You have to feel sorry for manager Joe Maddon’s club. Not because they do not have one of the most formidable line-ups in the game.

Not because they have not added some excellent pieces to the team that won 97 games a year ago and breezed into the play-offs.

And not because they have not won a World Series since 1908, the longest stretch of heartache for any major sports franchise in North America.

No, it is because they are the consensus favourite of almost every forecaster to win the National League pennant and move on to the Series, where some are boldly predicting an end to their 108-year-old misery. It is not the curse of the Cubs. It is the curse of being lauded. It is baseball’s way. Taking down its awe-inspiring teams and anointing its underdogs in October.

This year, the Cubbies have replaced the Washington Nationals as the team to beat.

For the past several seasons, it has been the Nats that made forecasters swoon.

So what happened to those Washington clubs? Early exits in the post-season, and then last year’s stunning pratfall in which they failed to make the play-offs at all.

Could that actually happen to the Cubs?

It appears unlikely. Cy Young Award winner Jake Arrieta is still around to pitch on Opening Day against the Los Angeles Angels on Monday.

He will have a capable parade of fellow starters behind him, including left-hander Jon Lester, right-hander Kyle Hendricks and newcomer John Lackey.

Lackey’s arrival from their hated rivals, the St Louis Cardinals, even makes the Cards a little weaker.

But that was not all. The Cubs also signed free agent outfielder Jason Heyward away from St Louis.

The addition of Heyward, a stellar defender and steady hitter, has enabled the Cubs to put the gifted, but erratic, young talent Jorge Soler in a reserve role.

Soler, of course, would be starting for most MLB teams.

But it is almost criminal how much youthful brilliance the Cubs have in their line-up everyday.

Some think Most Valuable Player candidate Anthony Rizzo, the 26-year-old first baseman, might actually add to his 31 home runs and 101 runs batted in from 2015.

Rookie of the Year Kris Bryant, 24, could be right there, too, after posting 26 homers and 99 RBI last season.

Two more “kids” who weren’t around on Opening Day last season, but had breakout seasons, will have a chance to do it from the beginning this time.

Left fielder Kyle Schwarber, 23, contributed 16 home runs and 43 RBI while playing less than half the time in 2015. Silky smooth defensive shortstop Addison Russell, 22, also was strong enough at the plate (13 homers) that he displaced veteran centrepiece Starlin Castro, now working as a New York Yankee.
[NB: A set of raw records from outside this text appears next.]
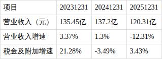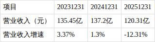 报告显示,公司2025年全年营业收入为120.31亿元,同比下降12.31%;归母净利润为8314.53万元,同比下降8.54%;扣非归母净利润为5880.18万元,同比下降18.97%;基本每股收益0.1151元/股。
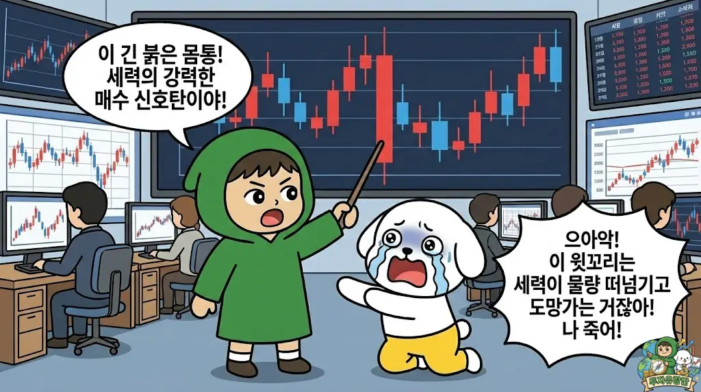 | 장대 (하락) | 매도세 완승, 심각한 패닉 셀링 발생 | 절대 매수 금지, 보유 시 즉각 비중 축소 |
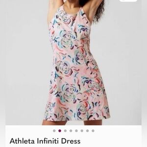 Elegant Athleta dress in a soft pink hue. Has shorts under dress, adjustable straps, can use it to go out or workout!
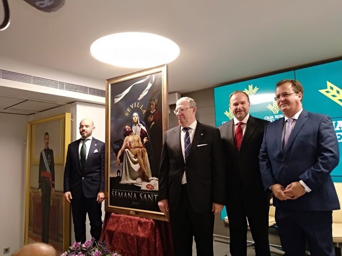 La sede de Caja Rural del Sur en Sevilla ha acogido este sábado el acto de presentación del cartel de la Semana Santa sevillana de este año 2019, encargado en esta ocasión por el Consejo General de Hermandades y Cofradías de Sevilla al sevillano Fernando Vaquero.
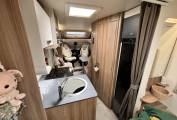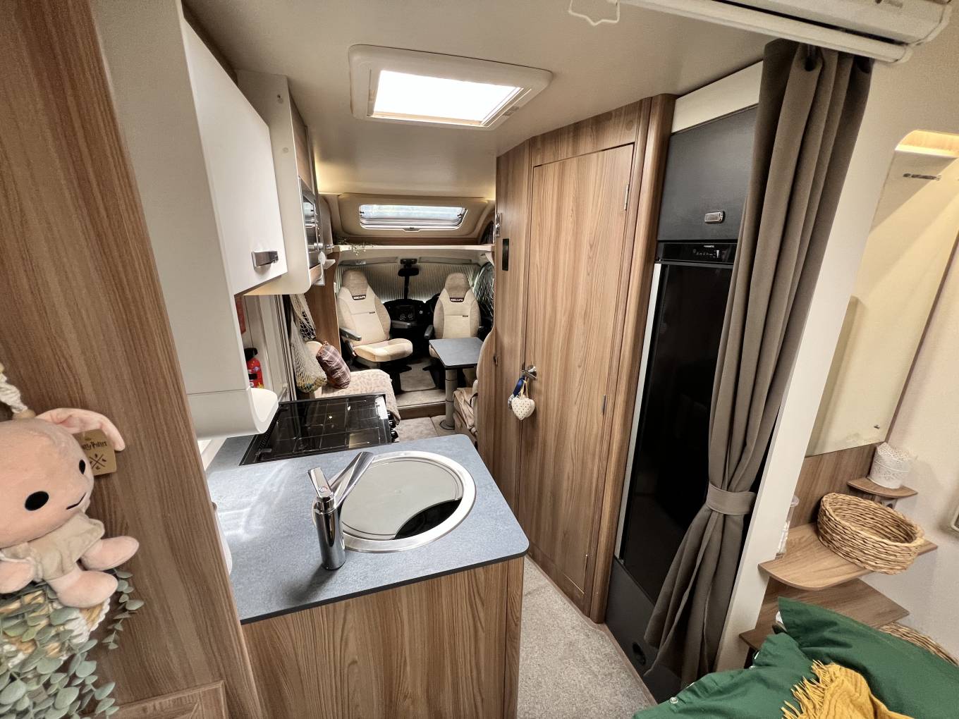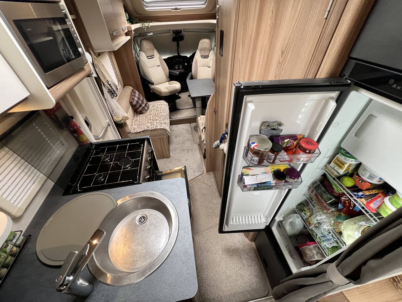 To the right as you enter is the kitchen where you will find a Three Burner Gas Hob, an Oven Grill combination, a sink with a Hot & Cold Mixer Tap, a Dometic Fridge Freezer, a Microwave Oven, plenty of cupboards and an extendable worktop.
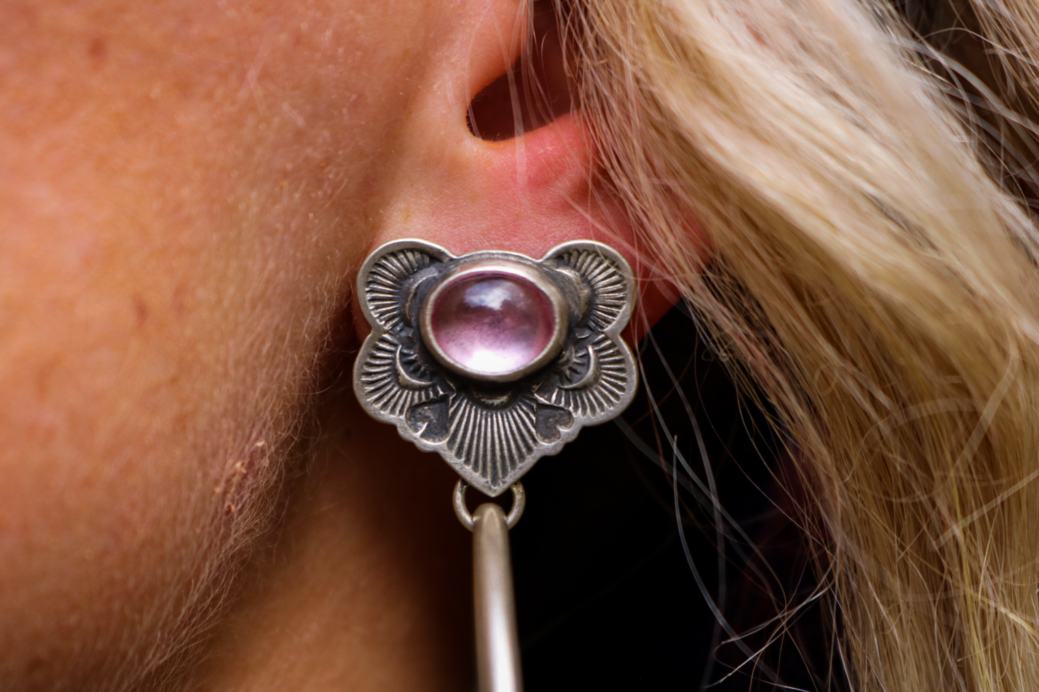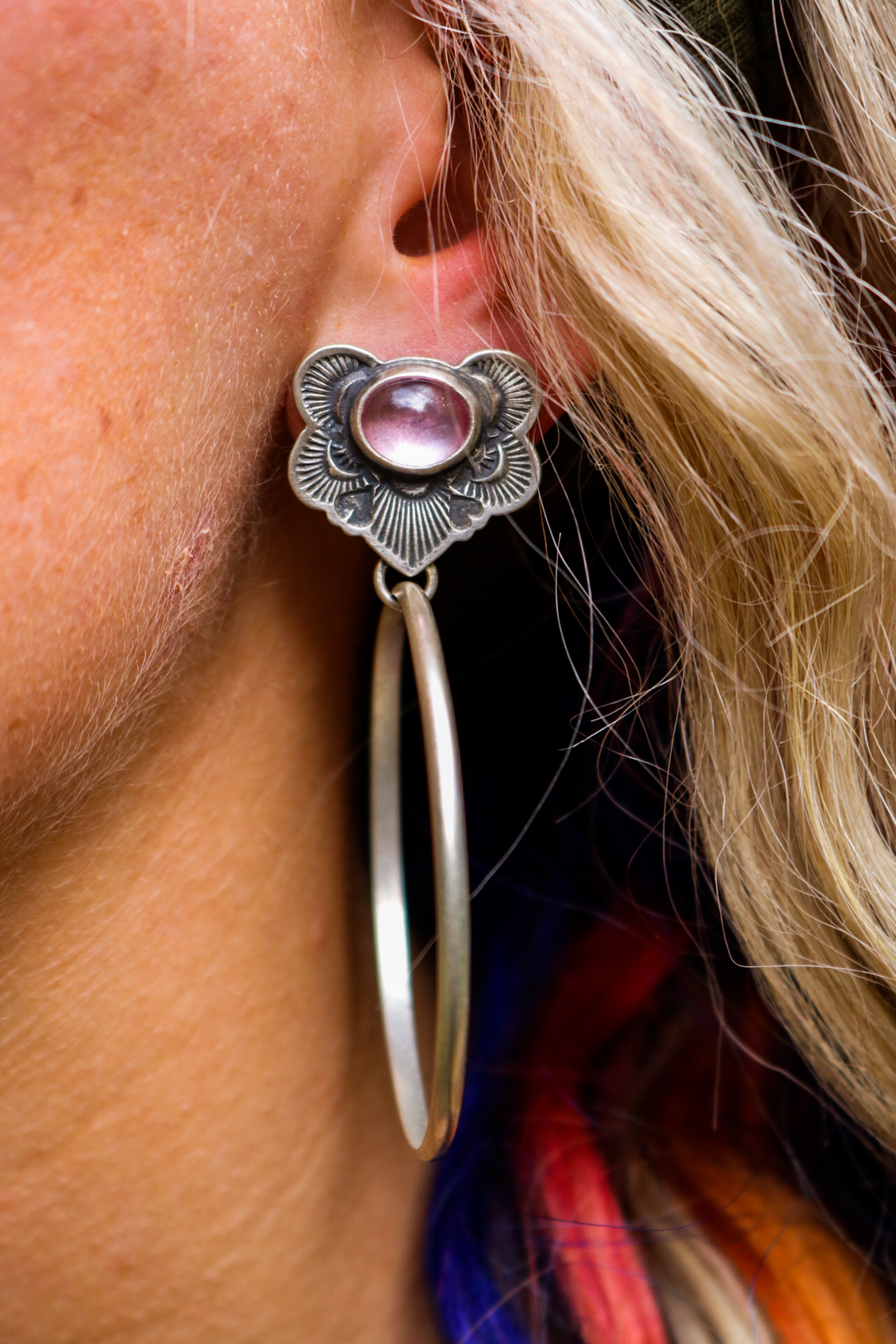 Glowing pink topaz stones surrounded by stamped sterling silver and a handcrafted scalloped edge. The main stud measures just under 1″ wide and 1/2″ tall and supports a 2” hoop made with half round wire. Oxidized and finished with a soft matte finish. The earrings come with large ear nuts to keep these lightweight hoops secure and all components are sterling silver.
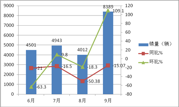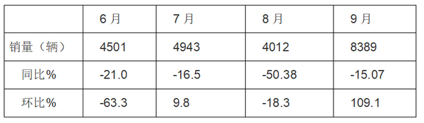 特点一:曙光初现----9月销量同环比增长109.1%,同比下降15.07%,成为自5月以来销量最多、同比下降幅度最小、环比增长最大的月份 ,前三季度销量同比增幅仍然超过20%,总体表现尚可
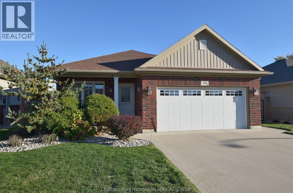 Welcome to Blenheim and this custom built (2015) ranch style home. A perfect design on one level with an open concept layout and attention to detail. Classic white Windmill cabinetry, island, built-in dishwasher and microwave. Combination dining and living room with gas fireplace, side door for handy bbq access from the kitchen area and patio doors to rear sundeck and fenced yard. Primary bedroom with a bay window, walk-in closet and well appointed 3 pc ensuite. Entrance area features an inviting front porch, den/office or 2nd bedroom, 2pc bath with convenient main floor stackable laundry and storage unit. Main level is nice and bright, transom windows and overall provides for a beautiful living space. Finished lower level has an amazing and large family room with gas fireplace, full 4 pc bath, storage and utility. The basement is ideal and large enough to accommodate an extra bedroom if needed. Fenced yard, wooden deck with awning, custom landscaping and double concrete drive round out the exterior features. In some cases there is an advantage to purchase an existing home with extra quality features without the wait for future completion dates. This home is an excellent example of that scenario and has over 2100 square feet of finished living space. If you are searching for an open concept ranch in a prime location, 34 Lanz has got you covered. (id:4069)
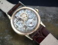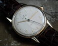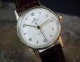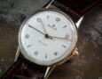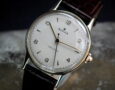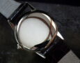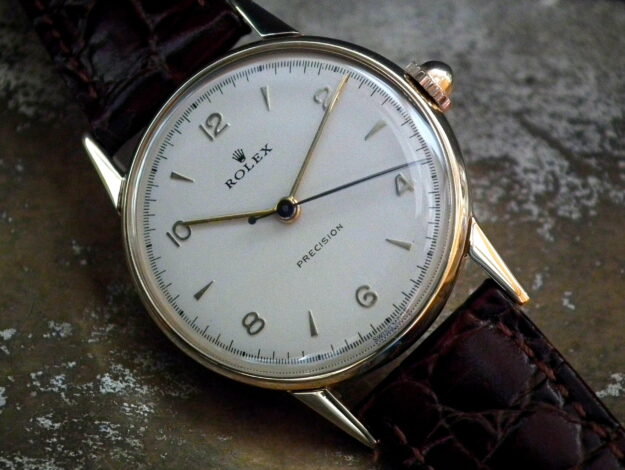 This is a simply beautiful example of the Rolex Precision from the 1950’s – Swiss Hallmarks, unlike British Hallmarks don’t have an age letter so we’re unable to give an exact year. The solid 9ct gold Rolex signed case is in excellent condition with only the most minor signs of wear – please note the extremely rare ‘thimble’ winding crown. The original Rolex signed ivory/cream dial has been professionally refinished to the highest possible standards and is on of the most sought after in the range. The alternating Arabic and spear-head hour batons, gold hands and railway line style minute markers combine to create one of the most beautiful dials in the range. The very high grade Rolex signed manual wind movement is again in excellent condition and has just been fully serviced by our professional watchmaker. To complete this piece we’ve added a new, high quality, dark brown Hirsch croco-grain leather strap with gold plated Hirsch buckle.
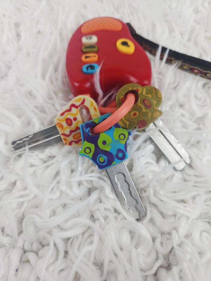 ✴️ Un trousseau de clé amusant au design réaliste, avec télécommande déclenchant des bruits de voiture et une lampe de poche. Le trousseau comporte 3 clés de différentes formes et couleurs, qui se balancent librement.
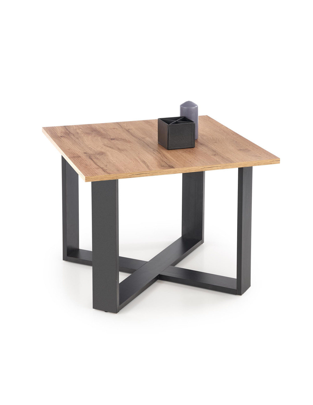 Zaprojektowany z myślą o Tobie! Ława CROSS to połączenie nowoczesnego designu z industrialnym stylem, które zachwyci każdego miłośnika eleganckich wnętrz. Jej kwadratowy blat, wykonany z płyty meblowej okleinowanej w kolorze dąb wotan, tworzy harmonijne zestawienie z czarną, metalową ramą o geometrycznym kształcie. Ta ława nie tylko doskonale wygląda, ale również spełnia wszystkie funkcje praktyczne, które są niezbędne w każdym nowoczesnym pomieszczeniu.

That is how good things are around Wrigley Field these days. It is considered a demotion when you move from the Cubs to the mystique-laden Yankees.

Just for good measure, Chicago also picked up versatile veteran Ben Zobrist to play second base, after he helped the Kansas City Royals to their first championship in 30 years.

That would be the same Royals who were picked by almost no one to win anything last year. Fortunately for them, they still don’t seem to impress the experts.

Kansas City are just one of several American League teams that are confounding the prognosticators, who cannot seem to come to agreement on any one particular powerhouse.

So only the Cubs are challenging baseball’s fickle relationship with favourites. If Chicago do win it all, everyone will say it was expected.

But, really, they will have done it the hard way.